> **Provided information**:
——————
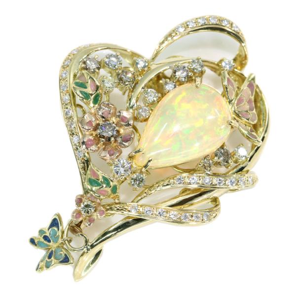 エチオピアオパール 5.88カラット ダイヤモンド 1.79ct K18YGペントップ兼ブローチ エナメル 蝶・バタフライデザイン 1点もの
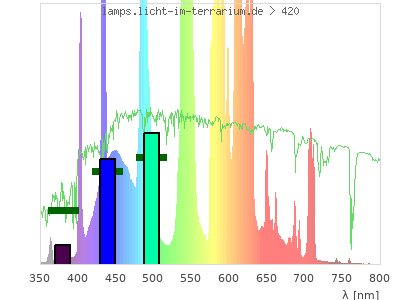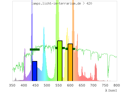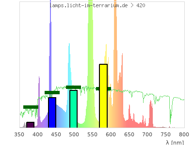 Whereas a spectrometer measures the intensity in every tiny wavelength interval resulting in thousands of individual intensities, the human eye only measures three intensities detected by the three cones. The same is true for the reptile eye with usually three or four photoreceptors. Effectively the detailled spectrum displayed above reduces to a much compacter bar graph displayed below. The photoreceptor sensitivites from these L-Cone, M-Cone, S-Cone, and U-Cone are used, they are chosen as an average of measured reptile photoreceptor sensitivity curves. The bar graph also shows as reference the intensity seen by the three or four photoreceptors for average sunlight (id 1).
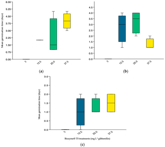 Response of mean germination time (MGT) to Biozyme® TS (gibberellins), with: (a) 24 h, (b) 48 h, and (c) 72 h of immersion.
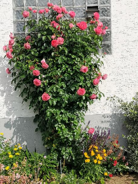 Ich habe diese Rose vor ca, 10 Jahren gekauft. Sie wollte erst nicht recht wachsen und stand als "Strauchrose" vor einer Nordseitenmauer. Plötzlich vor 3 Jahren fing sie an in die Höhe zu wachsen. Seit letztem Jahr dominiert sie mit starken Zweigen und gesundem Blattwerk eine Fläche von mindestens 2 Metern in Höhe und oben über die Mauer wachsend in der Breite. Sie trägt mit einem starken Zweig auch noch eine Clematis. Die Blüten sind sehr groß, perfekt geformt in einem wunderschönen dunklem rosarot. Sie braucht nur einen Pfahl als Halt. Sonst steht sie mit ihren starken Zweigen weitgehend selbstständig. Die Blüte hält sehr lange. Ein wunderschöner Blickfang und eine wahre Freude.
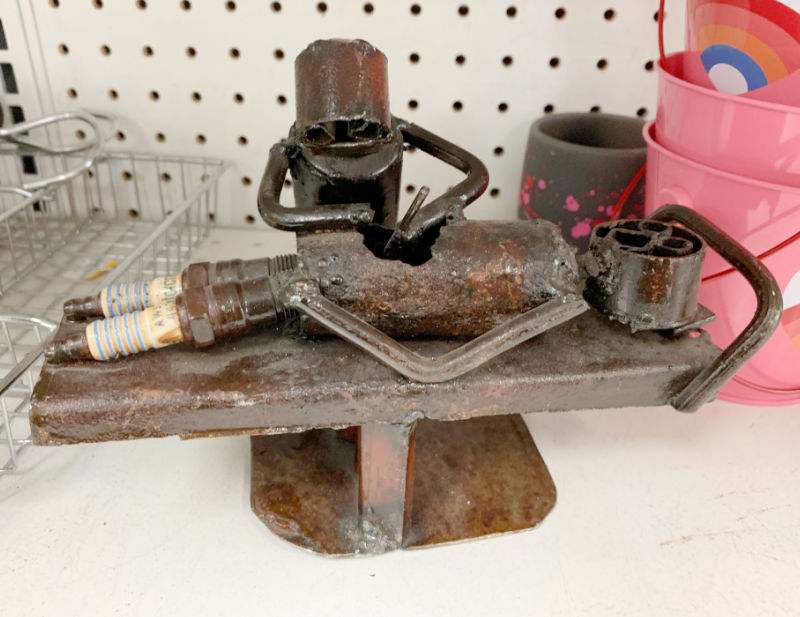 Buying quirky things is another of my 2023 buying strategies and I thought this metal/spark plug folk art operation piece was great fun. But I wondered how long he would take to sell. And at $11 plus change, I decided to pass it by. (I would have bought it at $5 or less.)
——————
> **Work required**:
Output the data above exactly. Drop every picture.

> **Task output**:
 エチオピアオパール 5.88カラット ダイヤモンド 1.79ct K18YGペントップ兼ブローチ エナメル 蝶・バタフライデザイン 1点もの
 Whereas a spectrometer measures the intensity in every tiny wavelength interval resulting in thousands of individual intensities, the human eye only measures three intensities detected by the three cones. The same is true for the reptile eye with usually three or four photoreceptors. Effectively the detailled spectrum displayed above reduces to a much compacter bar graph displayed below. The photoreceptor sensitivites from these L-Cone, M-Cone, S-Cone, and U-Cone are used, they are chosen as an average of measured reptile photoreceptor sensitivity curves. The bar graph also shows as reference the intensity seen by the three or four photoreceptors for average sunlight (id 1).
 Response of mean germination time (MGT) to Biozyme® TS (gibberellins), with: (a) 24 h, (b) 48 h, and (c) 72 h of immersion.
 Ich habe diese Rose vor ca, 10 Jahren gekauft. Sie wollte erst nicht recht wachsen und stand als "Strauchrose" vor einer Nordseitenmauer. Plötzlich vor 3 Jahren fing sie an in die Höhe zu wachsen. Seit letztem Jahr dominiert sie mit starken Zweigen und gesundem Blattwerk eine Fläche von mindestens 2 Metern in Höhe und oben über die Mauer wachsend in der Breite. Sie trägt mit einem starken Zweig auch noch eine Clematis. Die Blüten sind sehr groß, perfekt geformt in einem wunderschönen dunklem rosarot. Sie braucht nur einen Pfahl als Halt. Sonst steht sie mit ihren starken Zweigen weitgehend selbstständig. Die Blüte hält sehr lange. Ein wunderschöner Blickfang und eine wahre Freude.
 Buying quirky things is another of my 2023 buying strategies and I thought this metal/spark plug folk art operation piece was great fun. But I wondered how long he would take to sell. And at $11 plus change, I decided to pass it by. (I would have bought it at $5 or less.)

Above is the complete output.